Problem statement ▸
The answer is the full listing restated exactly, without any pictures.

Data block ▸
────

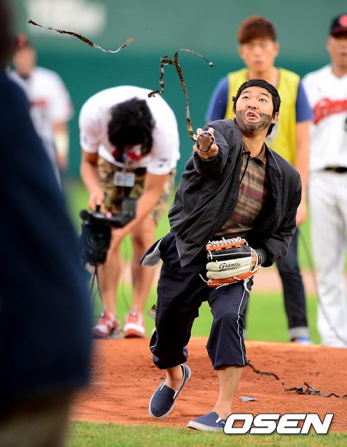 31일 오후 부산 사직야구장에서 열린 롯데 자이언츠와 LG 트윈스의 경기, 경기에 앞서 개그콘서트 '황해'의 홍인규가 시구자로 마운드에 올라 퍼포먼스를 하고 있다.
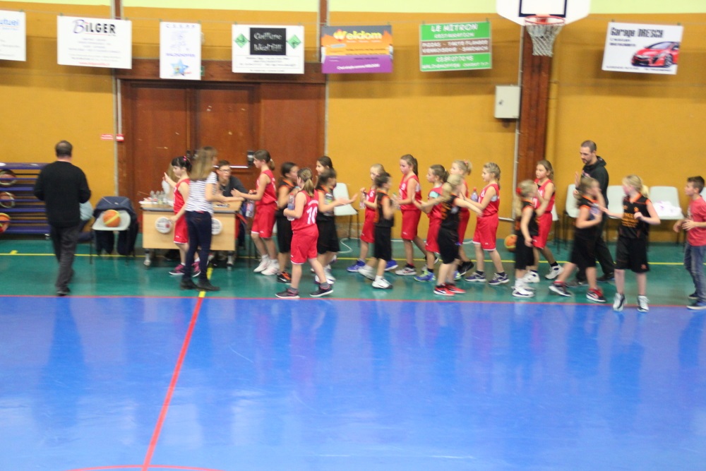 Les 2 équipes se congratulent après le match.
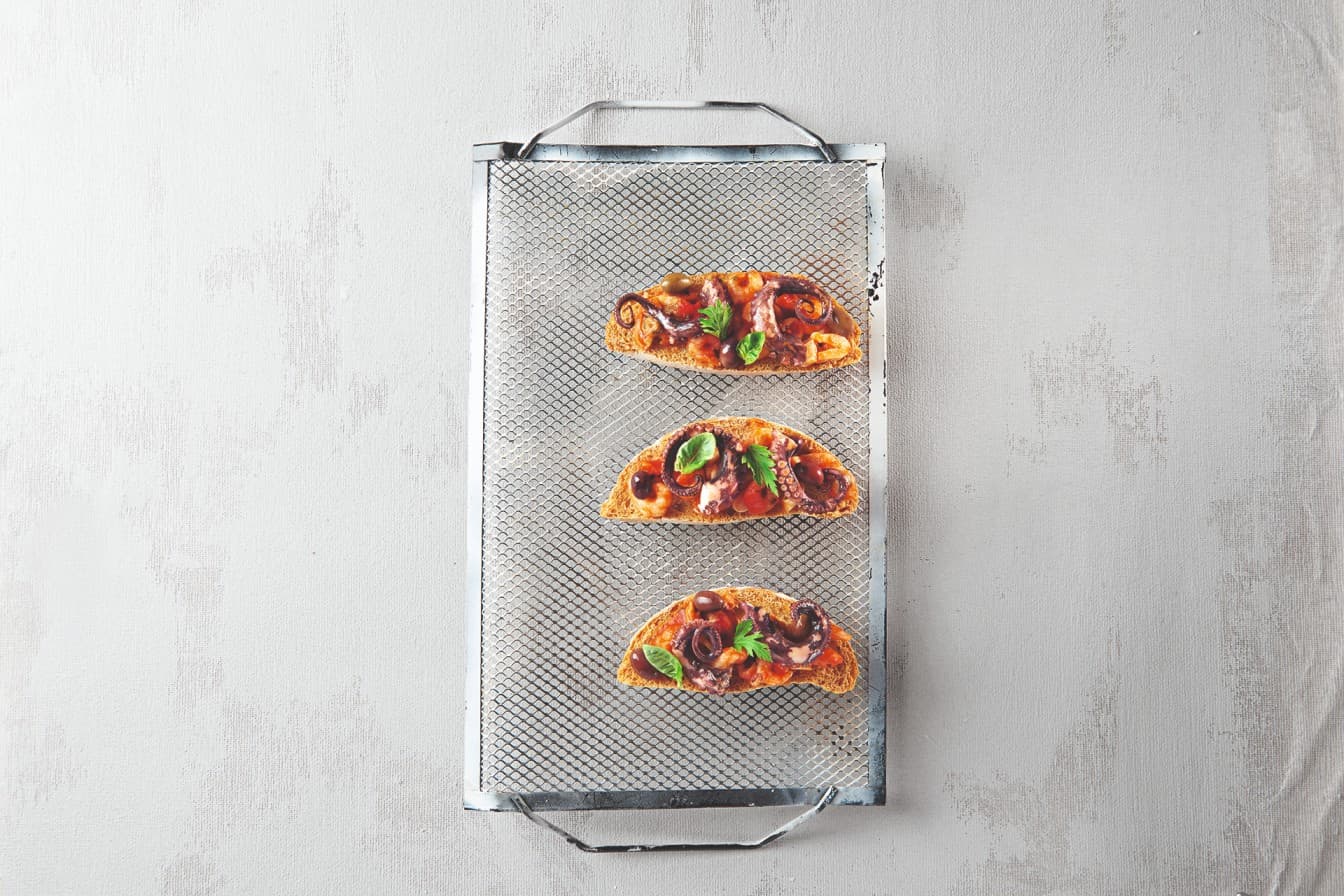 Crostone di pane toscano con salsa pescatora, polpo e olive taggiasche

────

Output for this task ▸
 31일 오후 부산 사직야구장에서 열린 롯데 자이언츠와 LG 트윈스의 경기, 경기에 앞서 개그콘서트 '황해'의 홍인규가 시구자로 마운드에 올라 퍼포먼스를 하고 있다.
 Les 2 équipes se congratulent après le match.
 Crostone di pane toscano con salsa pescatora, polpo e olive taggiasche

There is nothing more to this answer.